ASSIGNMENT: The answer is all of the data repeated exactly, with each picture omitted.

DATA SECTION:
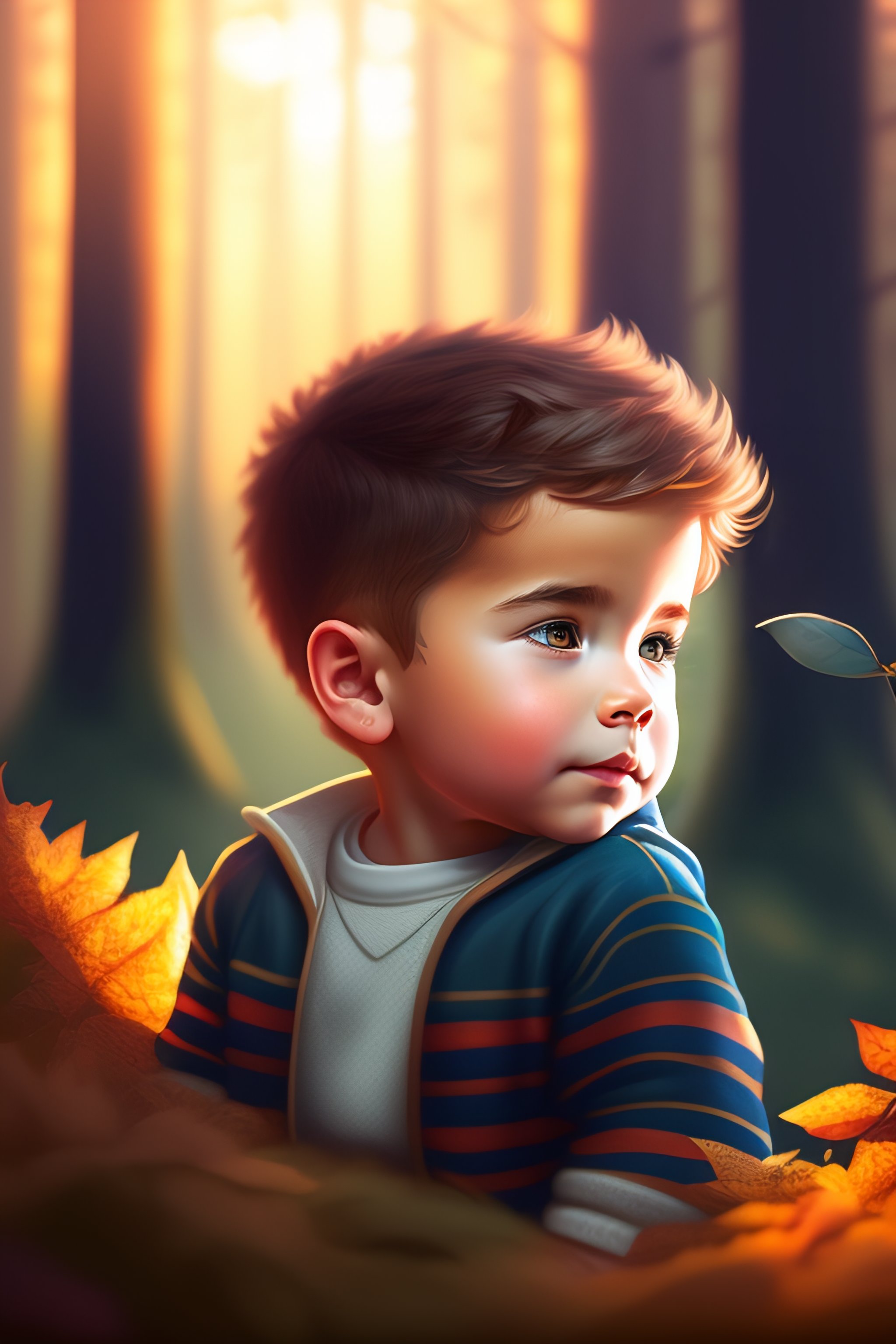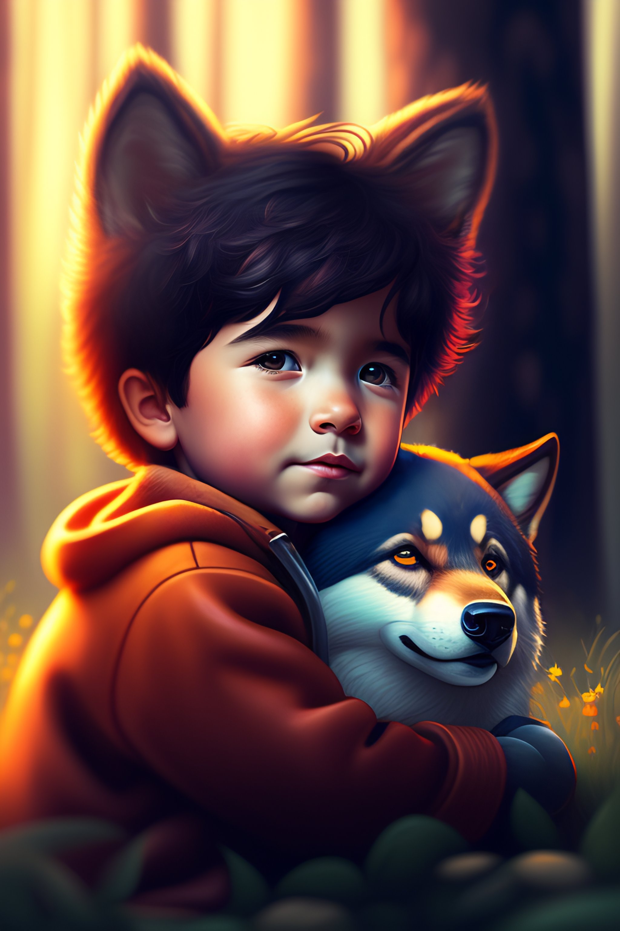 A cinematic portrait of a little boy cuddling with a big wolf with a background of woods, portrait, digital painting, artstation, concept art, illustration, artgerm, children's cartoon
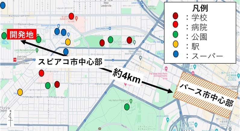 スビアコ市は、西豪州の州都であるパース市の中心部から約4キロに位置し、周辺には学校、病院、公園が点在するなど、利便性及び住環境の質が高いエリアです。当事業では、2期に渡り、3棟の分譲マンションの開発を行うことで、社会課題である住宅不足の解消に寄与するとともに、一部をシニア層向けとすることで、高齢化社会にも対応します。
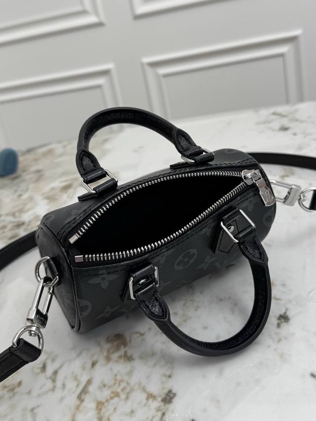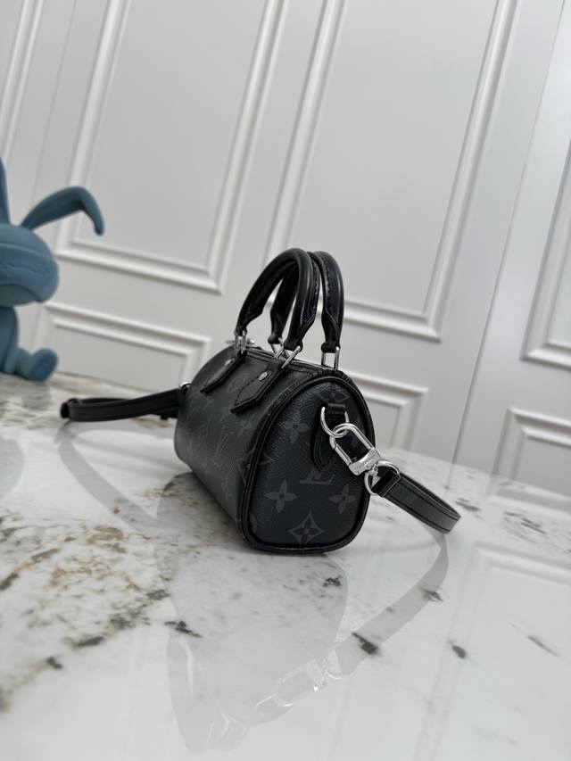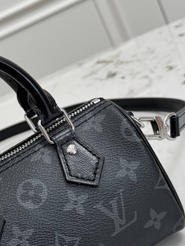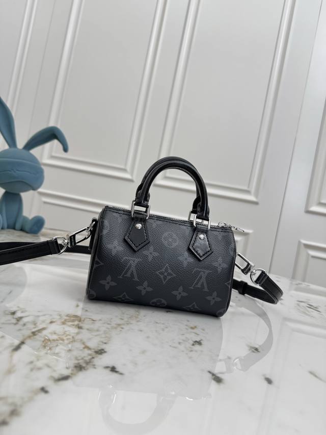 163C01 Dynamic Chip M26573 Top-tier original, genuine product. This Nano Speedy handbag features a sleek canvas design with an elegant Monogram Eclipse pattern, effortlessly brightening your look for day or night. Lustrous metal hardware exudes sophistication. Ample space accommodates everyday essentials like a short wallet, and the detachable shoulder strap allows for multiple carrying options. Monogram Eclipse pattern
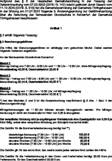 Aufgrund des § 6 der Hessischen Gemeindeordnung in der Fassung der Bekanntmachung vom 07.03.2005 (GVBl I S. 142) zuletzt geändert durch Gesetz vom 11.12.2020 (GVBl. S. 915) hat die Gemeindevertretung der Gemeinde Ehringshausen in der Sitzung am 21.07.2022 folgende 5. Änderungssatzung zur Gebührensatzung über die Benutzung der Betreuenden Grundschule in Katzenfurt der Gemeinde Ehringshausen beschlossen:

SOLUTION TO THIS PROBLEM:
 A cinematic portrait of a little boy cuddling with a big wolf with a background of woods, portrait, digital painting, artstation, concept art, illustration, artgerm, children's cartoon
 スビアコ市は、西豪州の州都であるパース市の中心部から約4キロに位置し、周辺には学校、病院、公園が点在するなど、利便性及び住環境の質が高いエリアです。当事業では、2期に渡り、3棟の分譲マンションの開発を行うことで、社会課題である住宅不足の解消に寄与するとともに、一部をシニア層向けとすることで、高齢化社会にも対応します。
 163C01 Dynamic Chip M26573 Top-tier original, genuine product. This Nano Speedy handbag features a sleek canvas design with an elegant Monogram Eclipse pattern, effortlessly brightening your look for day or night. Lustrous metal hardware exudes sophistication. Ample space accommodates everyday essentials like a short wallet, and the detachable shoulder strap allows for multiple carrying options. Monogram Eclipse pattern
 Aufgrund des § 6 der Hessischen Gemeindeordnung in der Fassung der Bekanntmachung vom 07.03.2005 (GVBl I S. 142) zuletzt geändert durch Gesetz vom 11.12.2020 (GVBl. S. 915) hat die Gemeindevertretung der Gemeinde Ehringshausen in der Sitzung am 21.07.2022 folgende 5. Änderungssatzung zur Gebührensatzung über die Benutzung der Betreuenden Grundschule in Katzenfurt der Gemeinde Ehringshausen beschlossen:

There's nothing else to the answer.